*Activity*: What you return should be the lines from the one with "특히 대형 할인마트 등" through the one with "The Waru Cricket Project" in the data below, reproduced exactly with both ends, and no pictures at all.

*Supplied information*:

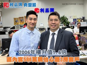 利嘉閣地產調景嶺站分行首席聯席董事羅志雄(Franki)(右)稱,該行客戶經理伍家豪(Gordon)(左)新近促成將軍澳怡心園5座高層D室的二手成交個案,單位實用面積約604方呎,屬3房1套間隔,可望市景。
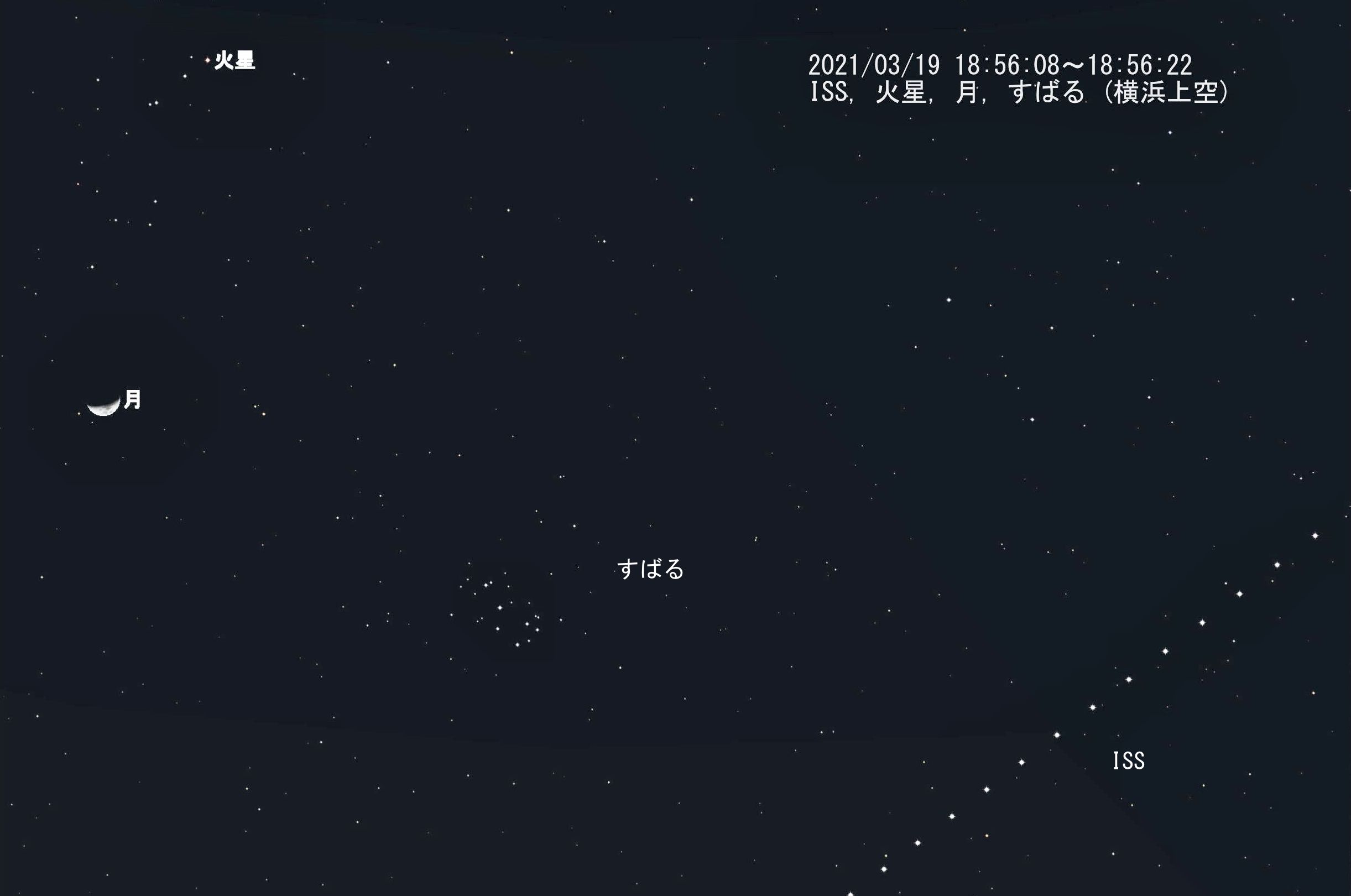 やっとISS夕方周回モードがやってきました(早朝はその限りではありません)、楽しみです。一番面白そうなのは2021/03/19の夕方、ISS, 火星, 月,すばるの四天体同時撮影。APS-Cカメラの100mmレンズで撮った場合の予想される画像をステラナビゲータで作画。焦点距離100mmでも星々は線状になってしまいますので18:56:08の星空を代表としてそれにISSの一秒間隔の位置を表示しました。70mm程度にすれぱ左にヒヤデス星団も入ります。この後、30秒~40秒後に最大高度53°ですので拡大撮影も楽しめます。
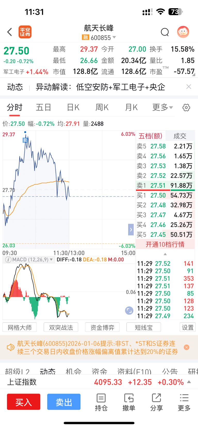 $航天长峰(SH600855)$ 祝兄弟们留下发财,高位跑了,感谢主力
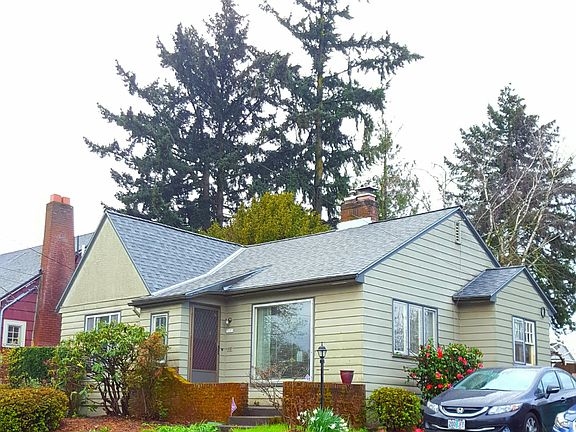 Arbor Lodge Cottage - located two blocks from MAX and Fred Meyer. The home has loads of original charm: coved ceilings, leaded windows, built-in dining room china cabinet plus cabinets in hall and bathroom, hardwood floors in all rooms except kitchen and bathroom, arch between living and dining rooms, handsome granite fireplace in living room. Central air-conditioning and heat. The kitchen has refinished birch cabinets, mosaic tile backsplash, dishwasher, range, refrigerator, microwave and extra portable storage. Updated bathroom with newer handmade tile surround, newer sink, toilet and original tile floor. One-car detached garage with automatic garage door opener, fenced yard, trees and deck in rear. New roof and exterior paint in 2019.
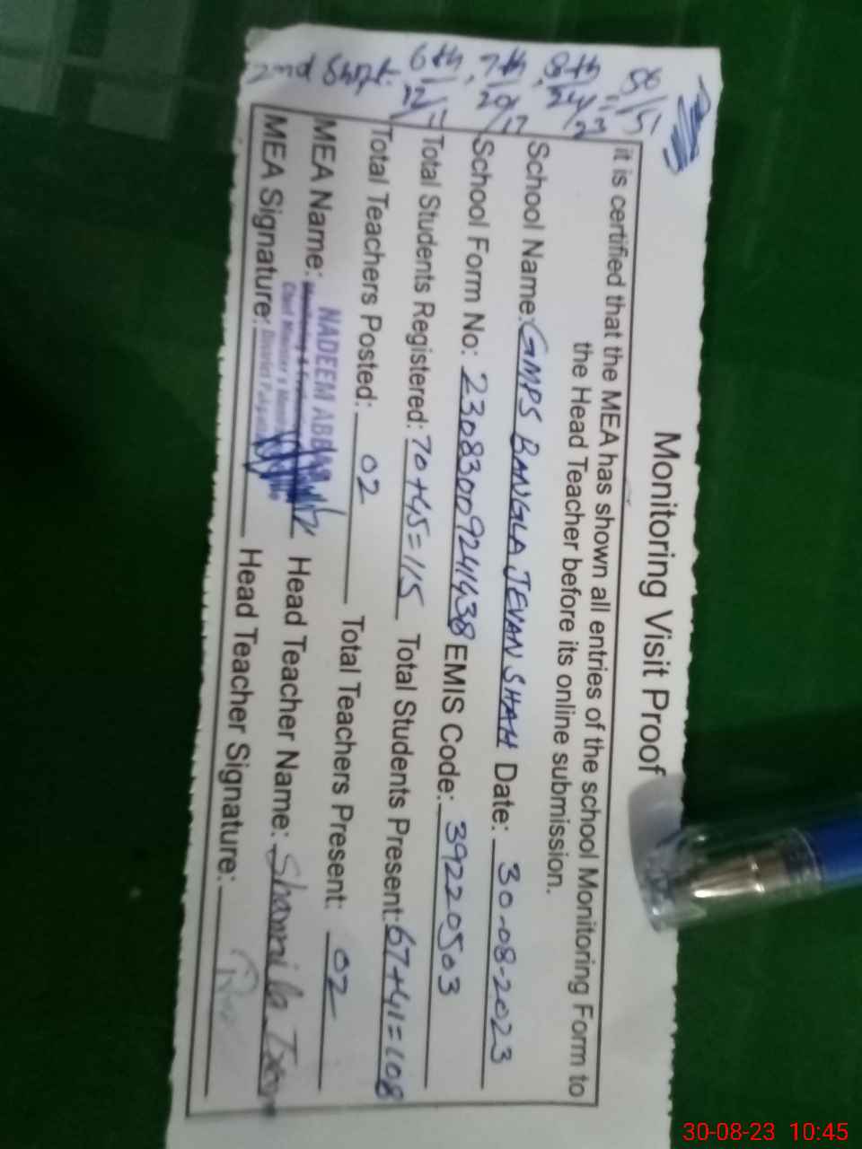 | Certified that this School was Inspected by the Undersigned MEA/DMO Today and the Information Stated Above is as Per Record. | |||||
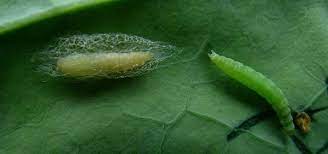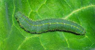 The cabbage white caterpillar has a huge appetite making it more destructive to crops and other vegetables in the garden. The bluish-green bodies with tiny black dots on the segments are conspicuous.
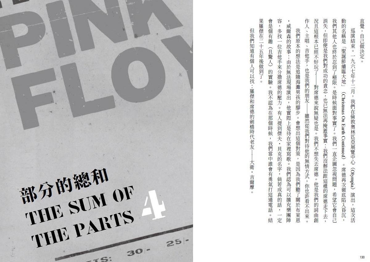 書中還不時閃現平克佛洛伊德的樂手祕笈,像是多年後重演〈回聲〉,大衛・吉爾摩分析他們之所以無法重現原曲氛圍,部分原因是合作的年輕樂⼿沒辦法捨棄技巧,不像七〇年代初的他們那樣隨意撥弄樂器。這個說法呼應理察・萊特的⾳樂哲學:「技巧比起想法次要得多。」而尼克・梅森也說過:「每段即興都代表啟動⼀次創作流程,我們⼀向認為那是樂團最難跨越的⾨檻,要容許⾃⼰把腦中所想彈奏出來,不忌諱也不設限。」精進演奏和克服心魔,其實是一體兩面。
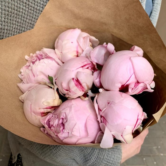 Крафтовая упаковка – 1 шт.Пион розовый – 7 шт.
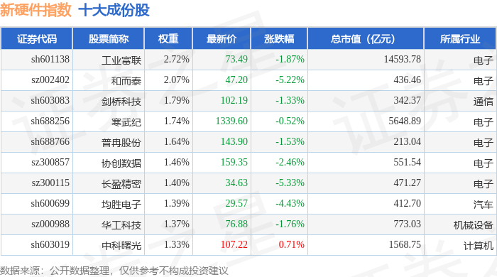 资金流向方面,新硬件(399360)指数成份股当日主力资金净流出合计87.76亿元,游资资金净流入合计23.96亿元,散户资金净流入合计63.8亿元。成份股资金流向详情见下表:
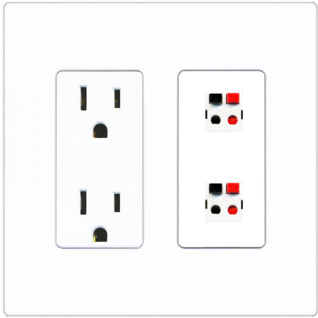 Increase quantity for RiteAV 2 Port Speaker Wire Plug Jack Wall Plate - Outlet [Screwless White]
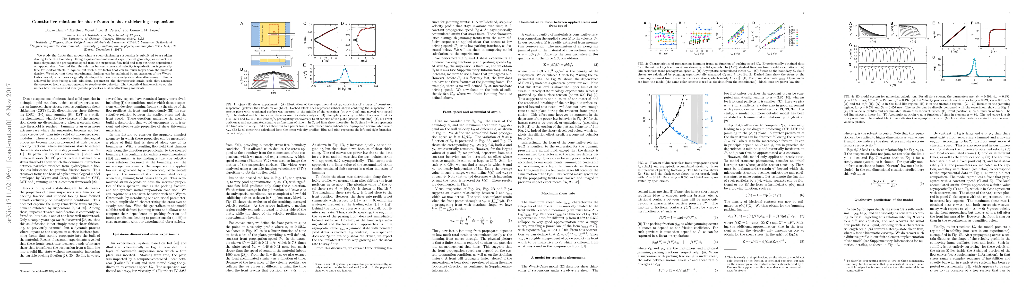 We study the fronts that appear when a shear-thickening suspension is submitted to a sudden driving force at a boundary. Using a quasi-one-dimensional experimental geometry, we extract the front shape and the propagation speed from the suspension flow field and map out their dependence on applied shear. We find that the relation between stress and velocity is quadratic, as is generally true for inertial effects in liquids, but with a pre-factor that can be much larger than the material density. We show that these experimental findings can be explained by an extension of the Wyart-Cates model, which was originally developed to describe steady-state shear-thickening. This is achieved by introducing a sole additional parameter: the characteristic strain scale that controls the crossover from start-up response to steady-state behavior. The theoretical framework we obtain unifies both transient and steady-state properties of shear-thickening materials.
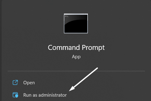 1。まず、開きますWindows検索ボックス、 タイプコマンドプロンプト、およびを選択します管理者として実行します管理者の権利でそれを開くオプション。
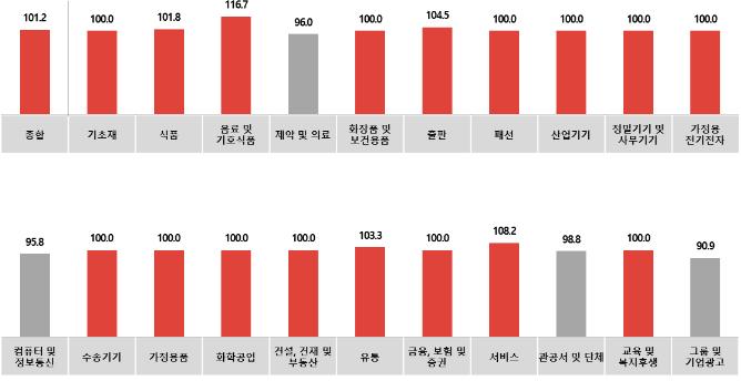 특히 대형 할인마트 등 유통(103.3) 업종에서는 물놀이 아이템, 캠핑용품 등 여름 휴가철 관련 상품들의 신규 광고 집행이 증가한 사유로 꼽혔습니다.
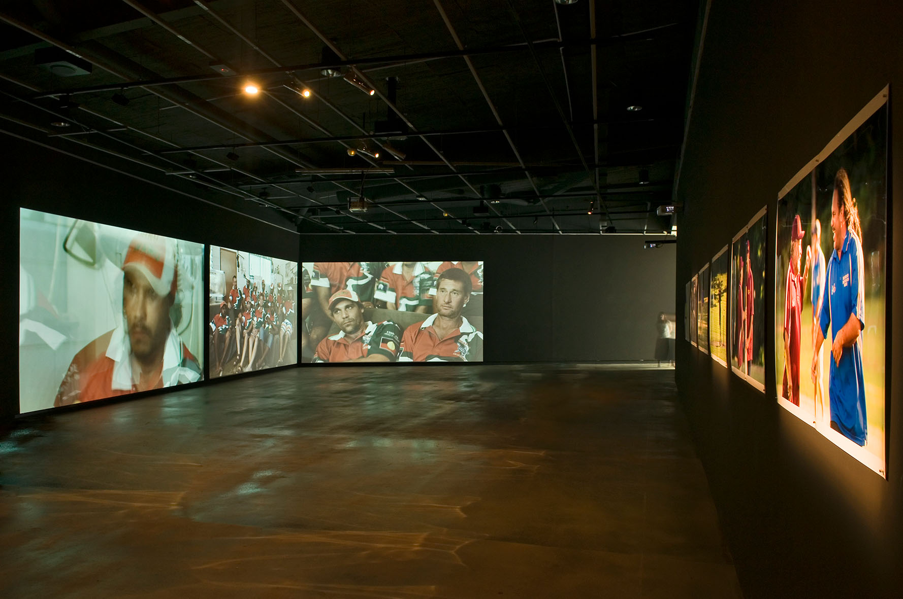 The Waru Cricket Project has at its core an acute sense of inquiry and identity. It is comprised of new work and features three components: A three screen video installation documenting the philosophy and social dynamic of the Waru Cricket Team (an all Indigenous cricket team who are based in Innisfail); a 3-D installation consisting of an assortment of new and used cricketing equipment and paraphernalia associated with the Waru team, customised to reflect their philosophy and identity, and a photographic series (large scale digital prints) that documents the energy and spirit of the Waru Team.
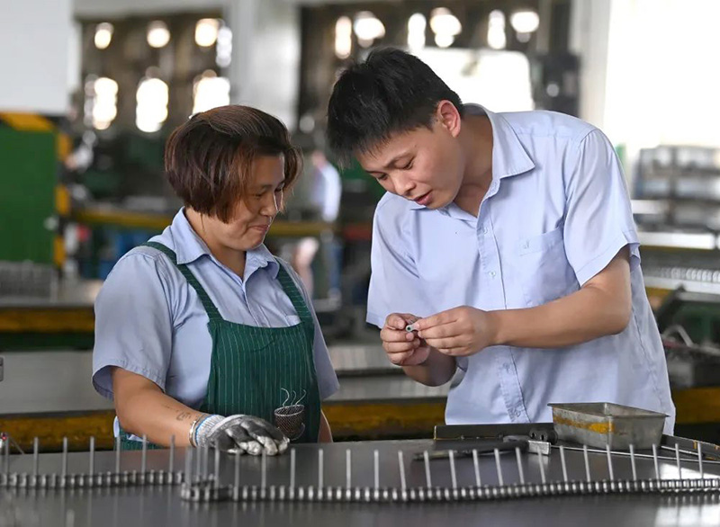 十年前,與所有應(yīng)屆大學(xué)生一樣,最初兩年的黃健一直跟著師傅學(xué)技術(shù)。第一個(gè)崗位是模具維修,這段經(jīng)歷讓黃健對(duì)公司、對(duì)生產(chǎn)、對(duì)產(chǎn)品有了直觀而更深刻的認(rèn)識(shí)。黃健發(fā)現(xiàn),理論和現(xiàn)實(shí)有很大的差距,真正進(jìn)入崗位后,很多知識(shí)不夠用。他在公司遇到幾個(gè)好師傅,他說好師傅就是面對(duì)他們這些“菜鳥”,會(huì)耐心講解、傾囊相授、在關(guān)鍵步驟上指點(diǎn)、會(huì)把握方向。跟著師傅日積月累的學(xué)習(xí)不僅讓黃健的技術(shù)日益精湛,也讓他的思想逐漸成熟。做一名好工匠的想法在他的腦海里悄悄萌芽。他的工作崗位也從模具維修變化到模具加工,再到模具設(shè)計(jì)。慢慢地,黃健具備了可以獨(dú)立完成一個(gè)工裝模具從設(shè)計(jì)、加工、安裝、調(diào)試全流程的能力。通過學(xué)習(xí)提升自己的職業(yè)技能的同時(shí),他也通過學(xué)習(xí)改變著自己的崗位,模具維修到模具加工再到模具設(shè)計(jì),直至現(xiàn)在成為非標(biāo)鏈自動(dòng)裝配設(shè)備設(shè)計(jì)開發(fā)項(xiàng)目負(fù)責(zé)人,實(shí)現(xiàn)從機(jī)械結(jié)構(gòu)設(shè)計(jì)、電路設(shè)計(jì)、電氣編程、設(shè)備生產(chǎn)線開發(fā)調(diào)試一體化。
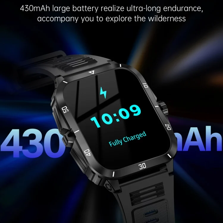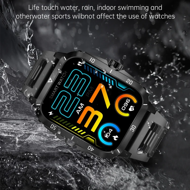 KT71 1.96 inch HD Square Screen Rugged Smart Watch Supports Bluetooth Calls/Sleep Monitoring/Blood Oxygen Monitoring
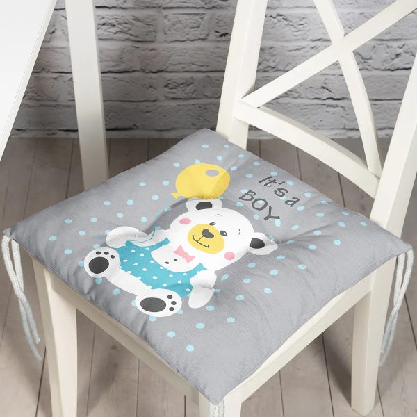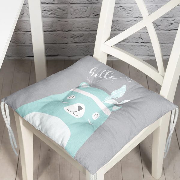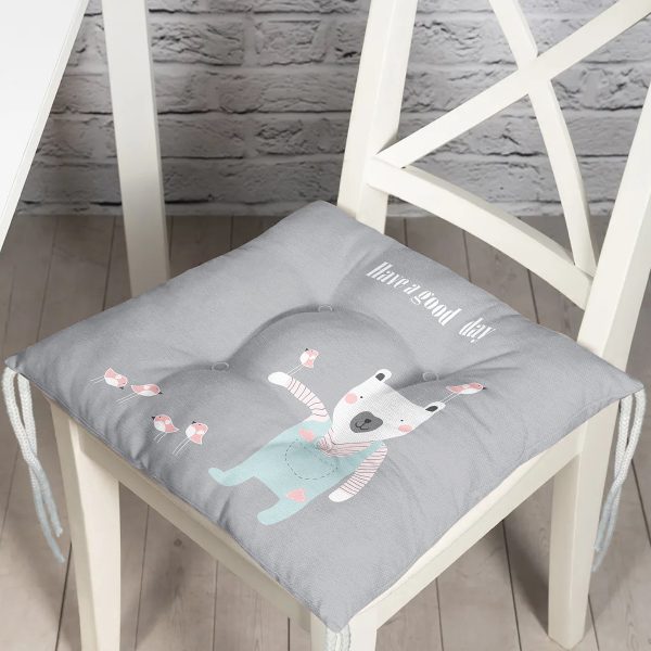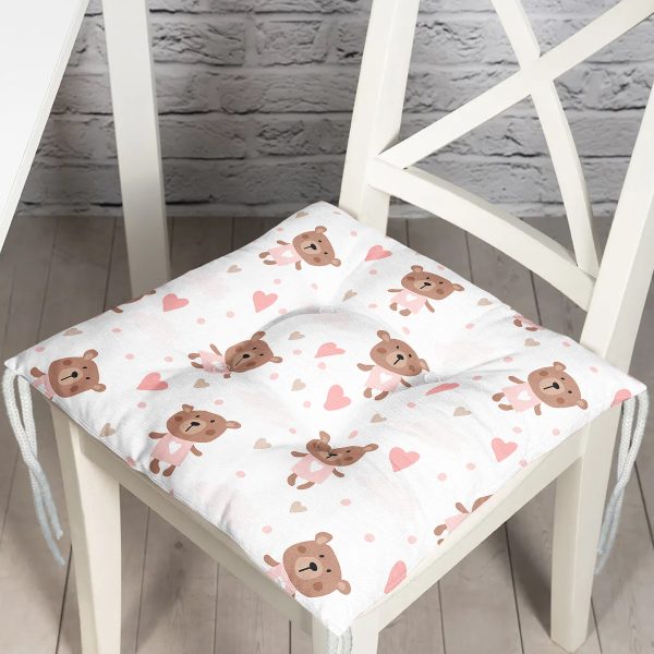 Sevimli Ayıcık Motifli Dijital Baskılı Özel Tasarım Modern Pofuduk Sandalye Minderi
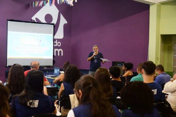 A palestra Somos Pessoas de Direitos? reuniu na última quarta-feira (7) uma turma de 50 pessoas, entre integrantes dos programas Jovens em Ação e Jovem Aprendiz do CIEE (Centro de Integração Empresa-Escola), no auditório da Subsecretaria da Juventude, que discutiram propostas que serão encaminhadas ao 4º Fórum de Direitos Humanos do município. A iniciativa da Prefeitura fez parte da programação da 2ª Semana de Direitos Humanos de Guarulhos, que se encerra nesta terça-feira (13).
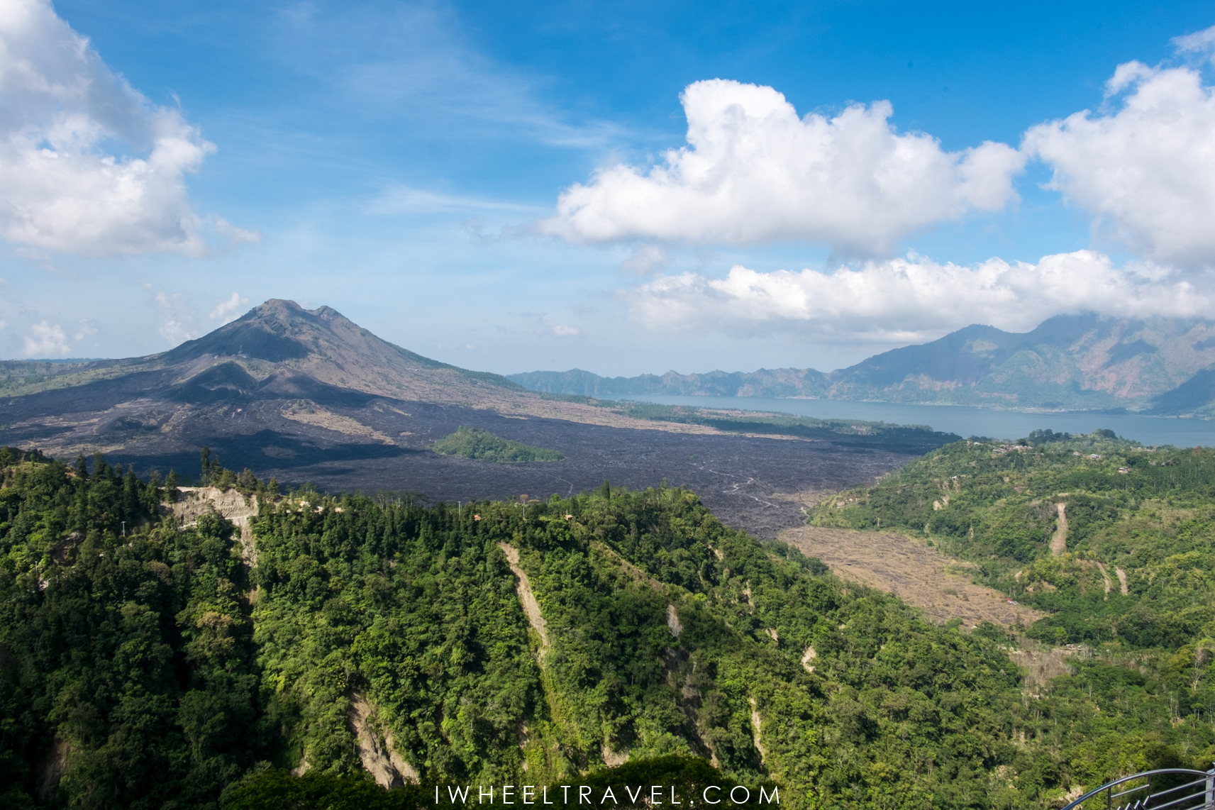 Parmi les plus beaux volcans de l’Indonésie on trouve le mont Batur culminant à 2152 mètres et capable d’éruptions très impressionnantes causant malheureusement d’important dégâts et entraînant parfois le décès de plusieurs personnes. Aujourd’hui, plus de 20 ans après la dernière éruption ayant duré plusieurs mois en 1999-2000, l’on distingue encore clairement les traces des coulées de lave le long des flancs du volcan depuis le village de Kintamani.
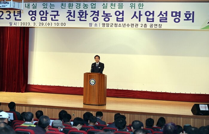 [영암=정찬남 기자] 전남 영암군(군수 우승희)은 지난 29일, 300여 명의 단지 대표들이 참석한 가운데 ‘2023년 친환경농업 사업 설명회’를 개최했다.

*Task solution*:
 특히 대형 할인마트 등 유통(103.3) 업종에서는 물놀이 아이템, 캠핑용품 등 여름 휴가철 관련 상품들의 신규 광고 집행이 증가한 사유로 꼽혔습니다.
 The Waru Cricket Project has at its core an acute sense of inquiry and identity. It is comprised of new work and features three components: A three screen video installation documenting the philosophy and social dynamic of the Waru Cricket Team (an all Indigenous cricket team who are based in Innisfail); a 3-D installation consisting of an assortment of new and used cricketing equipment and paraphernalia associated with the Waru team, customised to reflect their philosophy and identity, and a photographic series (large scale digital prints) that documents the energy and spirit of the Waru Team.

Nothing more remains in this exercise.